On the other hand, Mevani, who spearheaded the Dalit protests and won from Vadgam as a Congress-backed independent candidate in 2017, joined the party in 2021. Last year, the state government moved an appeal at the Gujarat High Court against Mevani’s acquittal by a sessions court in a case related to the Dalit movement.
“Look, a fight where one side is holding swords while the other is firing guns is not fair. The way the corporate forces, capitalist classes align with RSS and BJP, it’s become very difficult for Congress,” said Mevani pointing to the contrast in the approach of the state government towards him and Hardik. “The entire state machinery helps the BJP. Police officers, collectors, SDMs support the BJP workers and candidates. That’s also something we are struggling with.”
In the 2022 assembly polls, which the party “did not fight properly” as Rahul admitted in July 2024 during his first visit to the state as Lok Sabha Leader of the Opposition, the Congress scored a historic low of 17 seats, while the BJP won 156 seats. The Congress’s campaign was deemed so insipid that it helped the AAP find some toehold in the state, with a vote share of nearly 13 percent and five seats.

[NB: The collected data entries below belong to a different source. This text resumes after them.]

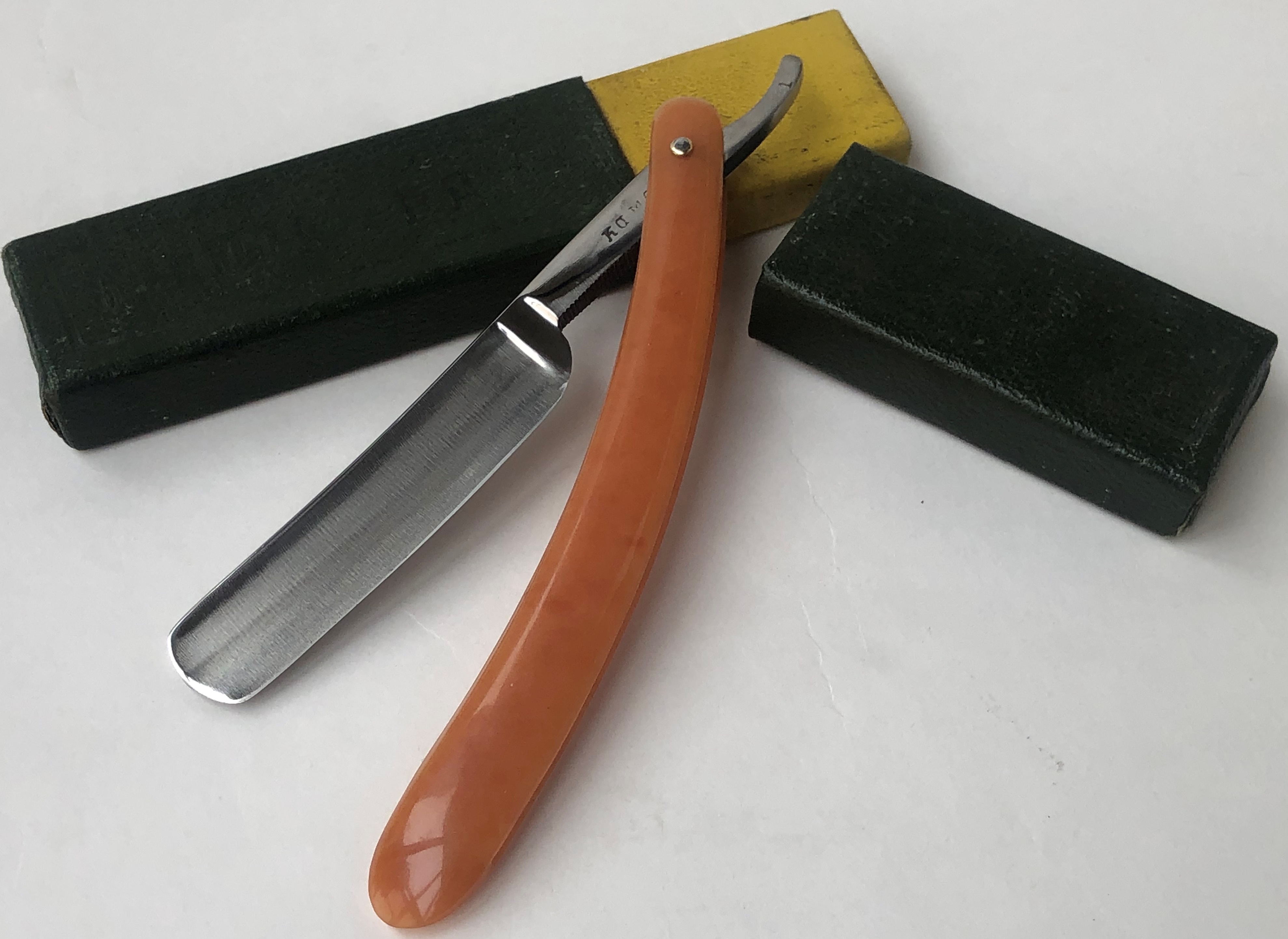 Бритва в очень хорошем и малопользованном состоянии. Никакого регринда, а только умеренная шлифовка и полировка.Идеальная геометрия полотна:кромочка равномерна по всей длине. Чистая сталь, без видимых дефектов. Эффектный, ажурный обушок.Крупная и удобная бритва для пользования.Не пропустите! Бритва заточена и готова к бритью.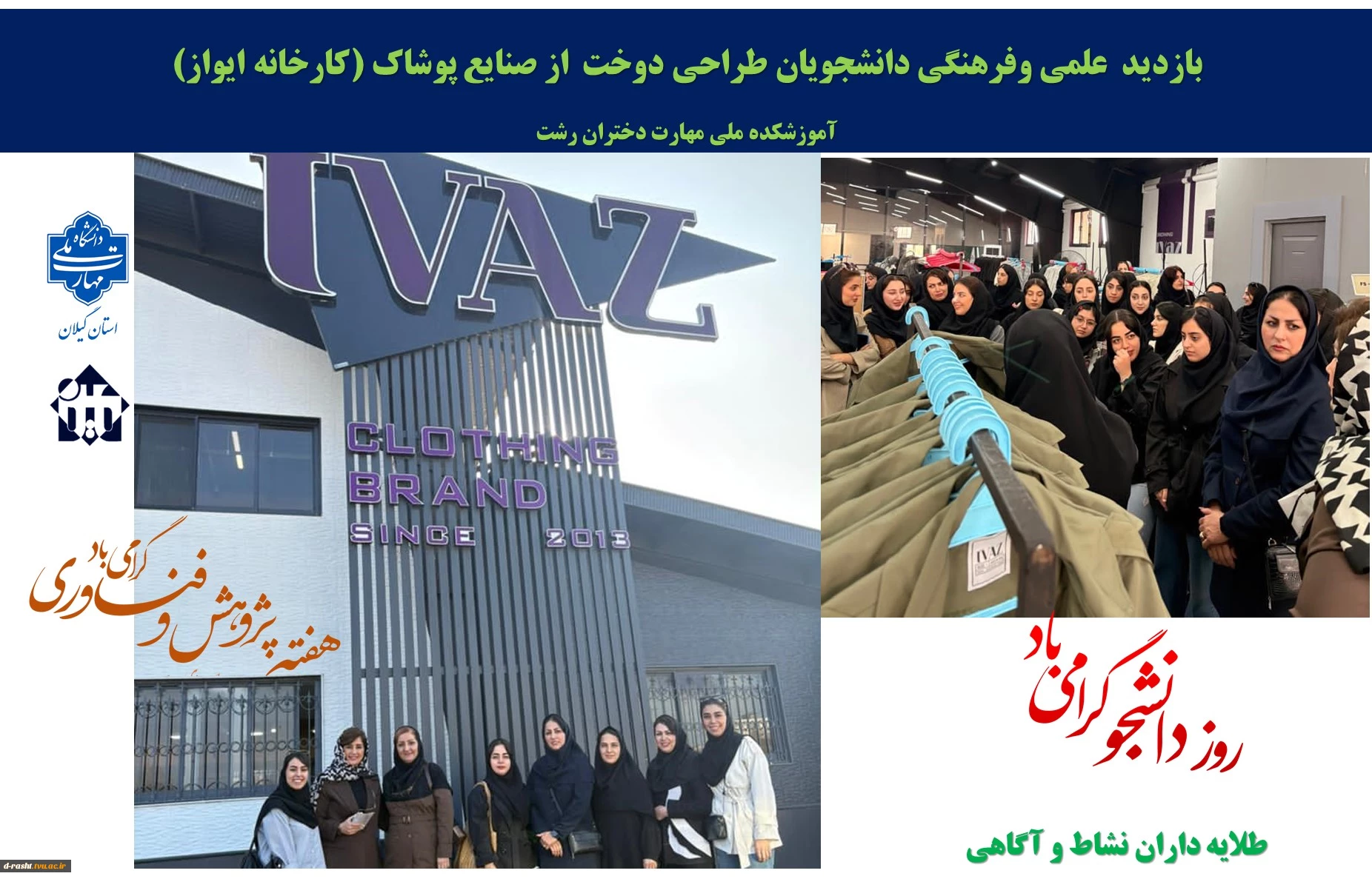 امتیاز دهید : به مناسبت گرامیداشت هفته پژوهش و اولین روز هفته گرامیداشت دانشجو با شعار (طلایه داران نشاط و آگاهی ) بازدید علمی و فرهنگی دانشجویان رشته طراحی دوخت از کارخانه پوشاک ایواز در بندر انزلی 2 شنبه 15 آذر 1404 ساعت 14:42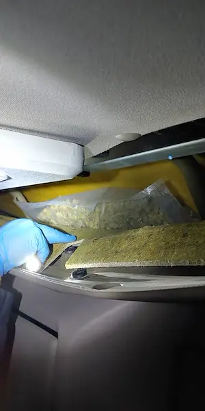 В хода на щателната физическа проверка инспекторите откриват в естествените кухини на шофьорската кабина единадесет пакета с марихуана с общо тегло 5763,81 грама. Заедно с тях е намерен и един пакет, съдържащ 1074,38 грама бяло прахообразно вещество, реагирало на кокаин.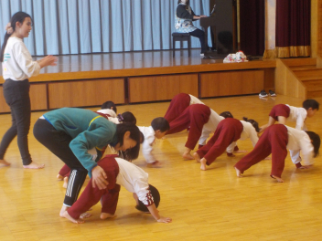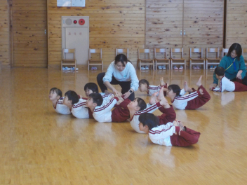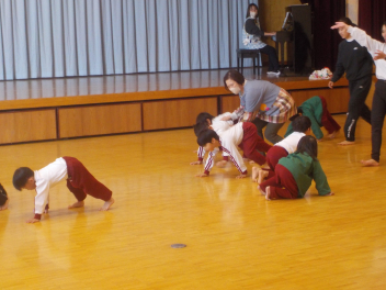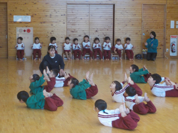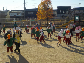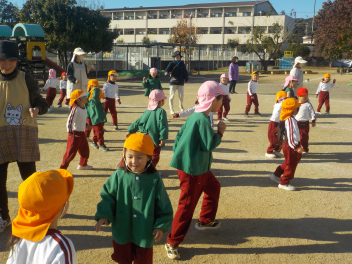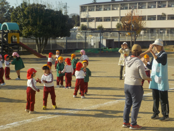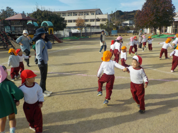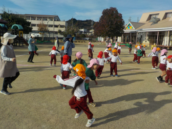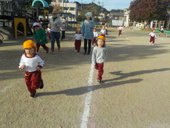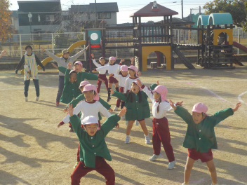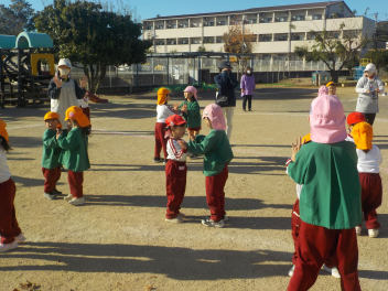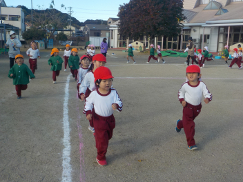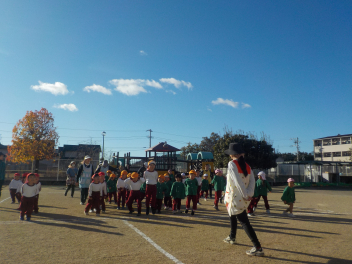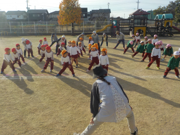 朝は車のガラスが凍るほど冷え込みましたが、お日さまが出ると「小春日和」でした。今日も、みんなで体操し、みんなで走り、みんなで踊りました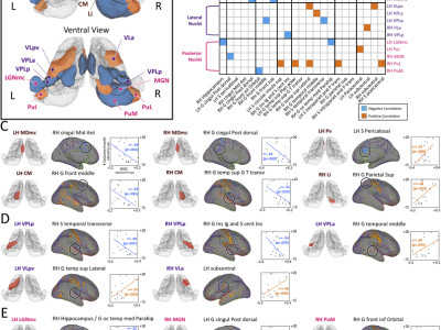 Magnitude of RSFC between thalamic nuclei and other brain regions in..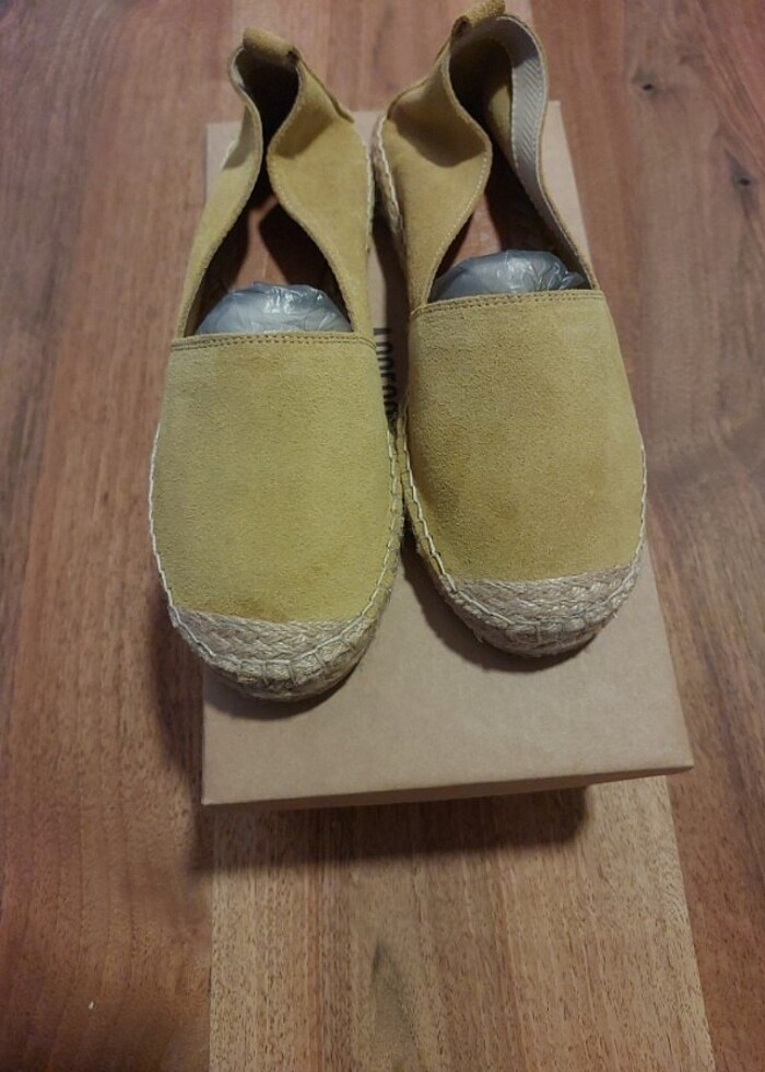 1 kere dışarida giydim ayagima kucuk geldigini farkettigimde artik giymiş bulundum dışarıda sonra hic giymedim ufak nokta kadar lekeleri var ama suet derisinden dolayi inanin belli bile olmuyor eger ufak lekeleri sorun yapacak varsa almasın lütfen. cok temiz sorunsuz kutusu ile gonderim yapacagim 37 numara fakat 36-36.5 numaraya daha iyi olur onun icin 36 numara işaretledim. isteyene taban olcusu veririm. rengi safran olarak geciyor hardal rengindedir. #mudo#mudokadınespadril#kadinespadril#espadril#mudoayakkabı#mudoespadril#orjinalmudo#mudoaccessories

Even the local body polls held in February this year were swept by the BJP. Shaktisinh Gohil, the president of the Gujarat Pradesh Congress Committee, told ThePrint that it was primarily due to the commanding presence of BJP MLAs across the state. “The situation was not such in the local body polls held after the 2017 assembly election as we had more MLAs then,” Gohil said.
Gohil also added that the party will have to walk the talk after Rahul’s assertions about the need to identify and remove “BJP agents” from the Congress. “It will have to be executed for such statements to bear fruit,” Gohil said.
Asked if he has a roadmap to fight BJP in Gujarat, Gohil, who was elected to Rajya Sabha in 2020 after serving four terms as an MLA, including one stint as the Leader of Opposition, between 2007-12, said, “I won elections defeating the machinations of the administration under Modi. I have a trick or two up my sleeve and hope to use it to guide others as well.”
At the 8 March party workers conclave in Ahmedabad, Rahul mentioned how power has eluded the Congress in Gujarat over the last three decades. A fresh beginning, he said, can only happen if the Congress acknowledges that it has “failed to meet the expectations of Gujarat and has been unable to offer it a new path”.
While his diagnosis of what’s ailing the Congress in the state aligns with that of Rahul, Mevani feels the party needs to recast its politics to be more in step with the aspirations of the growing urban populace in the thrall of “neo-liberal ethos”.
“We should have a plan for the urban pockets such as Surat, Vadodara , Rajkot, Ahmedabad, Porbandar, Jamnagar. Neo-liberal ethos have taken over. The state is highly urbanised. We need to figure out the aspirations of these classes. For instance, what does Gen Z think? We need to offer a vision to entrepreneurs, business class, because mercantile ethos also dominates the minds of Gujarat society,” said Mevani.
“It may be overemphasised. But it’s there. It may require a different blueprint. The jargon of caste census, and social justice for SC, ST, OBC minorities may have less impact in urban pockets.”